§ **ABOUT THIS TASK**
Copying starts at the line containing "主屋の周りには庭木をはじめ燈" and stops after the last line of the records; each line is repeated exactly, and pictures are skipped.

[DATA EXTRACTS — start]

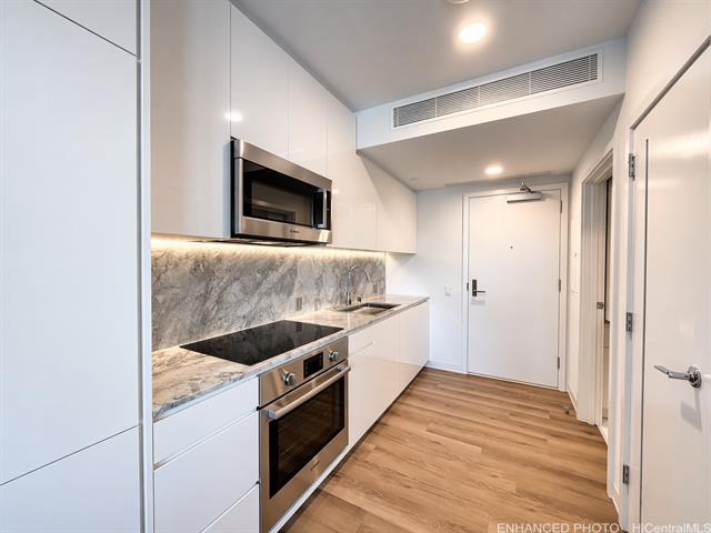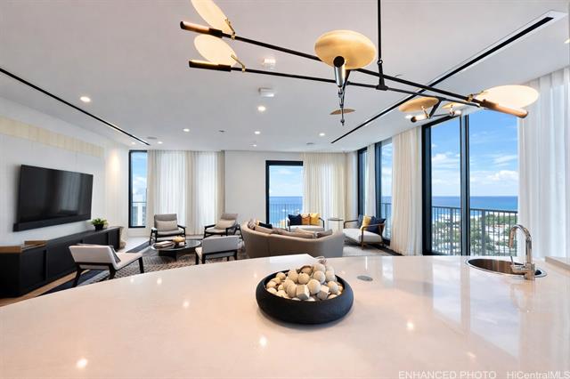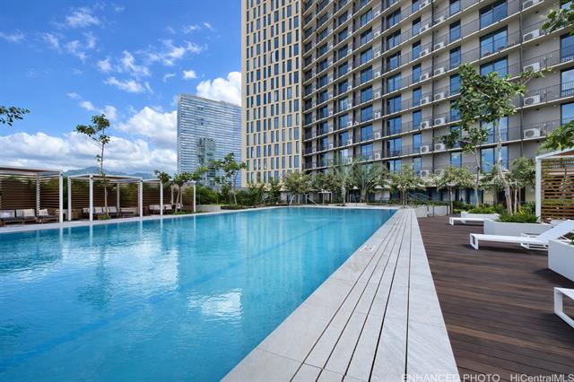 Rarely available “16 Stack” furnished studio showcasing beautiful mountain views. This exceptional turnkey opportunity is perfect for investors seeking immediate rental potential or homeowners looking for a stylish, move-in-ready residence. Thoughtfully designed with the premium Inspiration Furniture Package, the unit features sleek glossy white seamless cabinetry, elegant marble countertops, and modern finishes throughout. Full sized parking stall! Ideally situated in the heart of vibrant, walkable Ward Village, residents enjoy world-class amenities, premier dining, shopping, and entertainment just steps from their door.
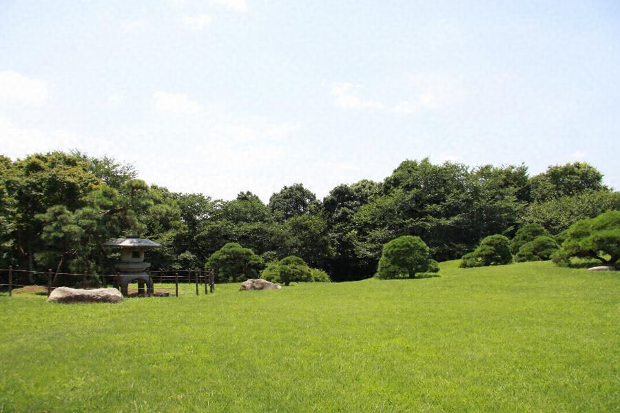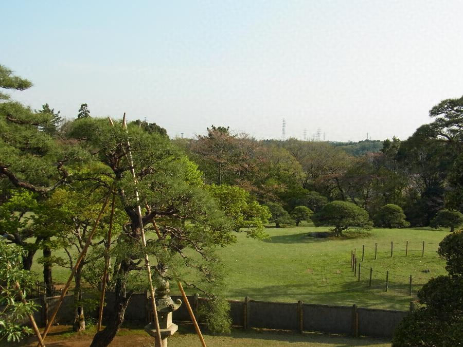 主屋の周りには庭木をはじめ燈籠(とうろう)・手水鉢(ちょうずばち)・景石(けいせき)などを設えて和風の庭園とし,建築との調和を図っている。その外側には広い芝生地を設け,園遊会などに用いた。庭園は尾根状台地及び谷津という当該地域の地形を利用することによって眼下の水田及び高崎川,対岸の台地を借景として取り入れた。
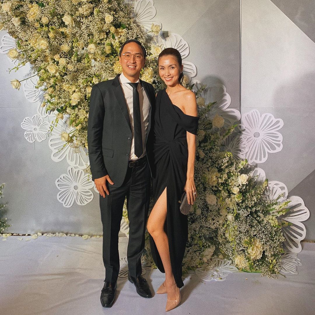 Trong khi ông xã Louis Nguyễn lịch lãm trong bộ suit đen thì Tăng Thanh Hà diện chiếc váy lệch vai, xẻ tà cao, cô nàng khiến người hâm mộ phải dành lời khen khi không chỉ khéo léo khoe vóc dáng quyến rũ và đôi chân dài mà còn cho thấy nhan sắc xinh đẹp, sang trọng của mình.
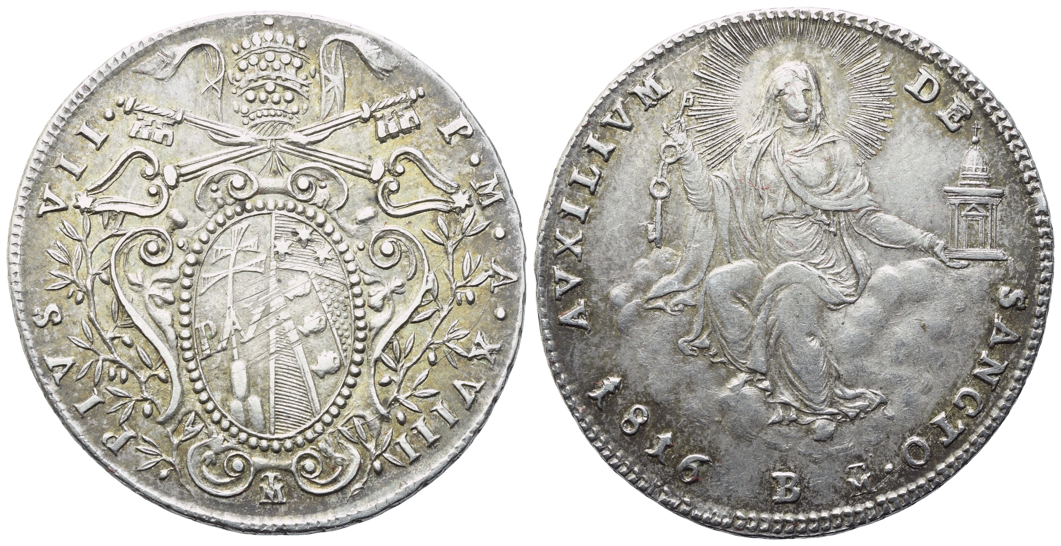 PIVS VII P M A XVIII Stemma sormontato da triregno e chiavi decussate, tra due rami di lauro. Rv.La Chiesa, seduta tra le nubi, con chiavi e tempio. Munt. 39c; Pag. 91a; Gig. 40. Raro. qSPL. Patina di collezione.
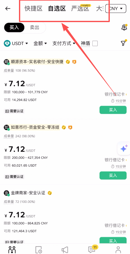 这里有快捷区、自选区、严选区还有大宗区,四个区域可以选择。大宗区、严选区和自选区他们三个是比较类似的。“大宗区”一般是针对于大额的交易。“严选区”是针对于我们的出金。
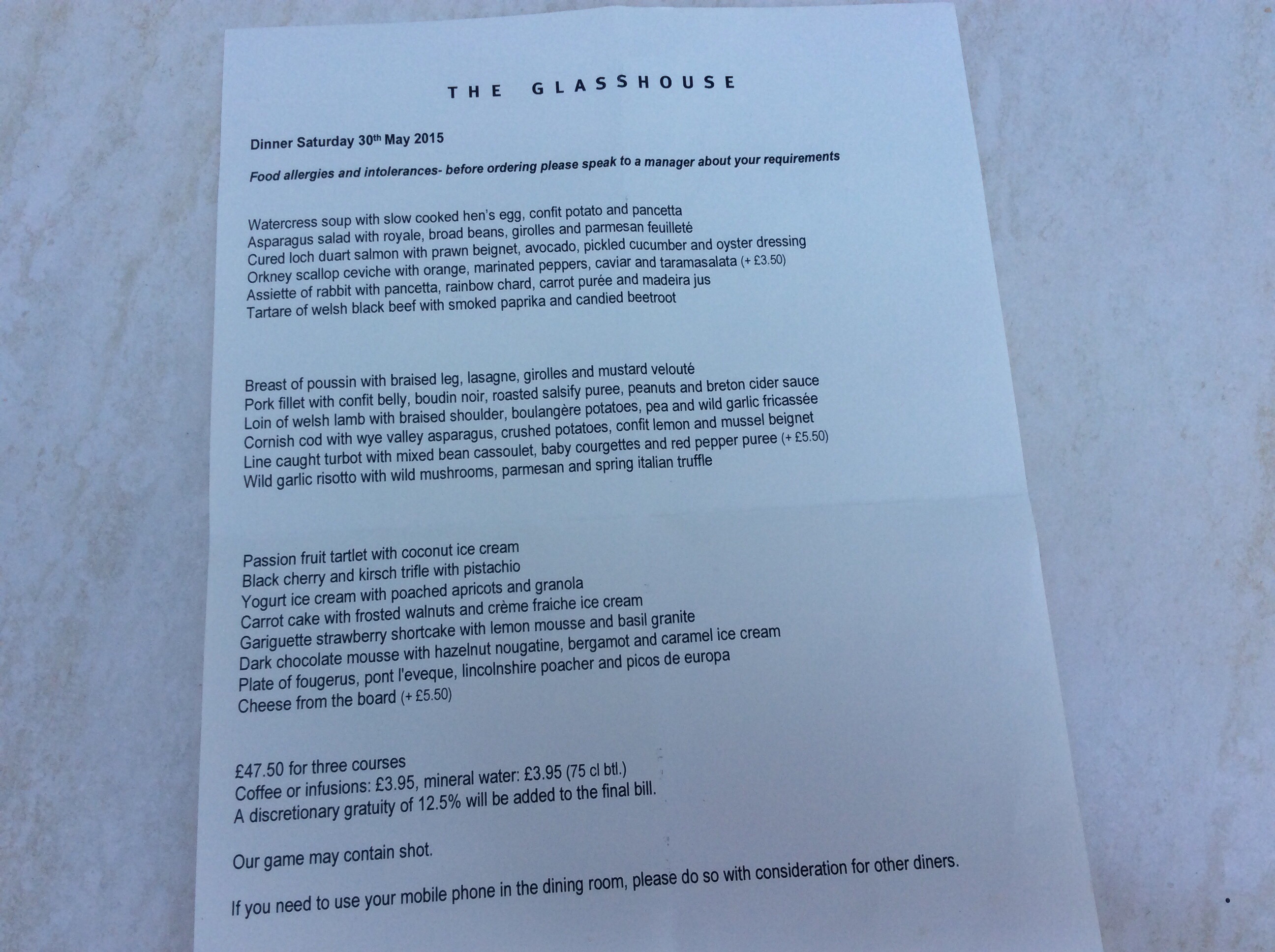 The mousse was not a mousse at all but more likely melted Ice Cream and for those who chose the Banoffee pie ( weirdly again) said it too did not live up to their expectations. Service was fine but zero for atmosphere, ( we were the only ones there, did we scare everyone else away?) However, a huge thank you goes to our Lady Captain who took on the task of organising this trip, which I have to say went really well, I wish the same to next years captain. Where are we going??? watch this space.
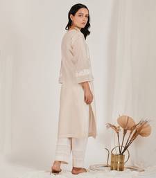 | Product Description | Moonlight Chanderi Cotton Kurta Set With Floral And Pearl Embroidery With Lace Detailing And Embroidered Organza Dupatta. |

[DATA EXTRACTS — finish]

§ **RESPONSE TO THIS TASK**
 主屋の周りには庭木をはじめ燈籠(とうろう)・手水鉢(ちょうずばち)・景石(けいせき)などを設えて和風の庭園とし,建築との調和を図っている。その外側には広い芝生地を設け,園遊会などに用いた。庭園は尾根状台地及び谷津という当該地域の地形を利用することによって眼下の水田及び高崎川,対岸の台地を借景として取り入れた。
 Trong khi ông xã Louis Nguyễn lịch lãm trong bộ suit đen thì Tăng Thanh Hà diện chiếc váy lệch vai, xẻ tà cao, cô nàng khiến người hâm mộ phải dành lời khen khi không chỉ khéo léo khoe vóc dáng quyến rũ và đôi chân dài mà còn cho thấy nhan sắc xinh đẹp, sang trọng của mình.
 PIVS VII P M A XVIII Stemma sormontato da triregno e chiavi decussate, tra due rami di lauro. Rv.La Chiesa, seduta tra le nubi, con chiavi e tempio. Munt. 39c; Pag. 91a; Gig. 40. Raro. qSPL. Patina di collezione.
 这里有快捷区、自选区、严选区还有大宗区,四个区域可以选择。大宗区、严选区和自选区他们三个是比较类似的。“大宗区”一般是针对于大额的交易。“严选区”是针对于我们的出金。
 The mousse was not a mousse at all but more likely melted Ice Cream and for those who chose the Banoffee pie ( weirdly again) said it too did not live up to their expectations. Service was fine but zero for atmosphere, ( we were the only ones there, did we scare everyone else away?) However, a huge thank you goes to our Lady Captain who took on the task of organising this trip, which I have to say went really well, I wish the same to next years captain. Where are we going??? watch this space.
 | Product Description | Moonlight Chanderi Cotton Kurta Set With Floral And Pearl Embroidery With Lace Detailing And Embroidered Organza Dupatta. |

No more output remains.